Guys, I am new to opening up a tractor but I understand the technical aspects and do enjoy working on them. I have a 72 Ford 3000 Gas engine that was knocking when at an idle (low end) and started knocking toward the top end as well. I have just purchased the tractor so don't have much history. I decided to go ahead and open it up to see what is going on with the top and bottom end. I found the bottom end knock is spun bearings on #1 rod and the top end knock that just started is the top of the #1 piston smacking the bottom of head. I currently have the entire front end off the tractor and top/bottom opened up. I can very easily at this point do an in frame overhaul but I would like your opinions on the crank and whether or not it needs to come out. As well I didn't think these 3 cylinders had sleeves but it appears to me they do. I have not put a micrometer on anything yet as I need to pick up a new one but wanted to see what you guys thought and what you would do, Thanks in advance and God Bless.View media item 3147View media item 3146View media item 3145View media item 3144View media item 3143View media item 3142View media item 3141View media item 3140View media item 3139


----------



## sixbales (May 18, 2011)

Howdy Gatertech, welcome to the tractor forum.

Your tractor originally had a parent-bore engine, therefore if it has sleeves it has been bored and sleeved at some point in its past. 

My GUESS is that the engine was run out of oil......either that or it has a blockage in the oil galley. 

I would take the crank to an engine/machine shop and get their opinion.


----------



## RC Wells (Dec 26, 2008)

You will need to split the tractor and remove the crankshaft. If the piston is hitting the head the crank will need to be removed and trued as a minimum. If there is scoring of the crank it will need to be turned if there is still an undersize bearing available. If the engine has sleeves I would guess the crank has already been turned undersize, but?? The rod on the piston that was hitting will need to be straightened or replaced.

I have no idea of the cost of machine work in your area, but it is cost prohibitive here.
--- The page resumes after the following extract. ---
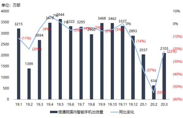 最前线 | 信通院:3月国内智能手机出货量环比增长超2倍,5G手机占比回落

If it were me I would get on the phone and price a rebuilt unit from http://www.ssbtractor.com or one of the other sources. Then get a quote from a machine shop.

The photos finally came up. Pistons look scored, so will require knurling, and it appears the oil control ring is letting a lot of oil into the combustion chamber. Lots of machine work, and you are not even to the oil pump and timing gear train and camshaft to assess condition of those components.


----------



## Gatertech (Jun 3, 2018)

Thanks guys, that's what I was thinking as well just not as experienced with the cranks and didn't want to do any unnecessary work.
I see how to split the tractor and I am literally bolts away from that however looking forward is it hard to remove the crank? I have never went that far. As well can you guys recommend a good shop manual for the specs, torques, and such?


----------



## RC Wells (Dec 26, 2008)

Manual right here on this site in the Manuals tab: https://www.tractorforum.com/manuals/


----------